Records drawn from a dataset:

%%

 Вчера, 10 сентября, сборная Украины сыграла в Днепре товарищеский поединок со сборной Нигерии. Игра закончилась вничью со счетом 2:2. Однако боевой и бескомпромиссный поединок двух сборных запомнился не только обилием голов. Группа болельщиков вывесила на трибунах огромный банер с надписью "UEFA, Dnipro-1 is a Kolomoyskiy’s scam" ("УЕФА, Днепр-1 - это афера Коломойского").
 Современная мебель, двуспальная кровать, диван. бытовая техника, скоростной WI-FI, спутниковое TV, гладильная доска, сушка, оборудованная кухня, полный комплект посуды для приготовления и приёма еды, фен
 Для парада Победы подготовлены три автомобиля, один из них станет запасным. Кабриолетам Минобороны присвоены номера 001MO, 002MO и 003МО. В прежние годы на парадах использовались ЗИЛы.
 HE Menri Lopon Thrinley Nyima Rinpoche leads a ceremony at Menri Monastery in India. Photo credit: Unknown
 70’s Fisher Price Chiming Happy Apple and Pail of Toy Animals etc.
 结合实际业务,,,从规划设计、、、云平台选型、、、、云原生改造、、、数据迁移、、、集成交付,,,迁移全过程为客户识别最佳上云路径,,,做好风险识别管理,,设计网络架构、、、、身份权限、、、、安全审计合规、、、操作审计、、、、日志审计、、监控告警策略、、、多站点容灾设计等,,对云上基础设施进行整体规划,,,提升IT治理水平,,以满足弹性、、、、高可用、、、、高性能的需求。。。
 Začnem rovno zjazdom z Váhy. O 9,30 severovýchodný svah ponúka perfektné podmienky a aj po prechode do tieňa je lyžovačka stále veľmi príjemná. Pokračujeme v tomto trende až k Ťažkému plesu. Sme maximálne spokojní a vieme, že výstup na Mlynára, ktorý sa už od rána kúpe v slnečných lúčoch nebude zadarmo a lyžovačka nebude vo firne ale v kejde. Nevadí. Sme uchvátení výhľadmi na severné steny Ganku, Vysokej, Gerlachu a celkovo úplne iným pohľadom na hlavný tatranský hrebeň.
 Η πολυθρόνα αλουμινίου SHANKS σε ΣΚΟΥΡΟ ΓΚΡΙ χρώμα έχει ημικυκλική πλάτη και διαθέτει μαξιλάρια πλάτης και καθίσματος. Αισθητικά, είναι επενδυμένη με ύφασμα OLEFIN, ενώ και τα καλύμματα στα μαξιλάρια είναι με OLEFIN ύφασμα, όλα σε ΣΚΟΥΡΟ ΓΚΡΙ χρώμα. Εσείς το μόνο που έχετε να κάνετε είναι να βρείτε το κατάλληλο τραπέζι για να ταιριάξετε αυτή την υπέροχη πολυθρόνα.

%%

* Exercise directions *
Reproduce each entry from the records above, character for character.

* Output of the task *
 Вчера, 10 сентября, сборная Украины сыграла в Днепре товарищеский поединок со сборной Нигерии. Игра закончилась вничью со счетом 2:2. Однако боевой и бескомпромиссный поединок двух сборных запомнился не только обилием голов. Группа болельщиков вывесила на трибунах огромный банер с надписью "UEFA, Dnipro-1 is a Kolomoyskiy’s scam" ("УЕФА, Днепр-1 - это афера Коломойского").
 Современная мебель, двуспальная кровать, диван. бытовая техника, скоростной WI-FI, спутниковое TV, гладильная доска, сушка, оборудованная кухня, полный комплект посуды для приготовления и приёма еды, фен
 Для парада Победы подготовлены три автомобиля, один из них станет запасным. Кабриолетам Минобороны присвоены номера 001MO, 002MO и 003МО. В прежние годы на парадах использовались ЗИЛы.
 HE Menri Lopon Thrinley Nyima Rinpoche leads a ceremony at Menri Monastery in India. Photo credit: Unknown
 70’s Fisher Price Chiming Happy Apple and Pail of Toy Animals etc.
 结合实际业务,,,从规划设计、、、云平台选型、、、、云原生改造、、、数据迁移、、、集成交付,,,迁移全过程为客户识别最佳上云路径,,,做好风险识别管理,,设计网络架构、、、、身份权限、、、、安全审计合规、、、操作审计、、、、日志审计、、监控告警策略、、、多站点容灾设计等,,对云上基础设施进行整体规划,,,提升IT治理水平,,以满足弹性、、、、高可用、、、、高性能的需求。。。
 Začnem rovno zjazdom z Váhy. O 9,30 severovýchodný svah ponúka perfektné podmienky a aj po prechode do tieňa je lyžovačka stále veľmi príjemná. Pokračujeme v tomto trende až k Ťažkému plesu. Sme maximálne spokojní a vieme, že výstup na Mlynára, ktorý sa už od rána kúpe v slnečných lúčoch nebude zadarmo a lyžovačka nebude vo firne ale v kejde. Nevadí. Sme uchvátení výhľadmi na severné steny Ganku, Vysokej, Gerlachu a celkovo úplne iným pohľadom na hlavný tatranský hrebeň.
 Η πολυθρόνα αλουμινίου SHANKS σε ΣΚΟΥΡΟ ΓΚΡΙ χρώμα έχει ημικυκλική πλάτη και διαθέτει μαξιλάρια πλάτης και καθίσματος. Αισθητικά, είναι επενδυμένη με ύφασμα OLEFIN, ενώ και τα καλύμματα στα μαξιλάρια είναι με OLEFIN ύφασμα, όλα σε ΣΚΟΥΡΟ ΓΚΡΙ χρώμα. Εσείς το μόνο που έχετε να κάνετε είναι να βρείτε το κατάλληλο τραπέζι για να ταιριάξετε αυτή την υπέροχη πολυθρόνα.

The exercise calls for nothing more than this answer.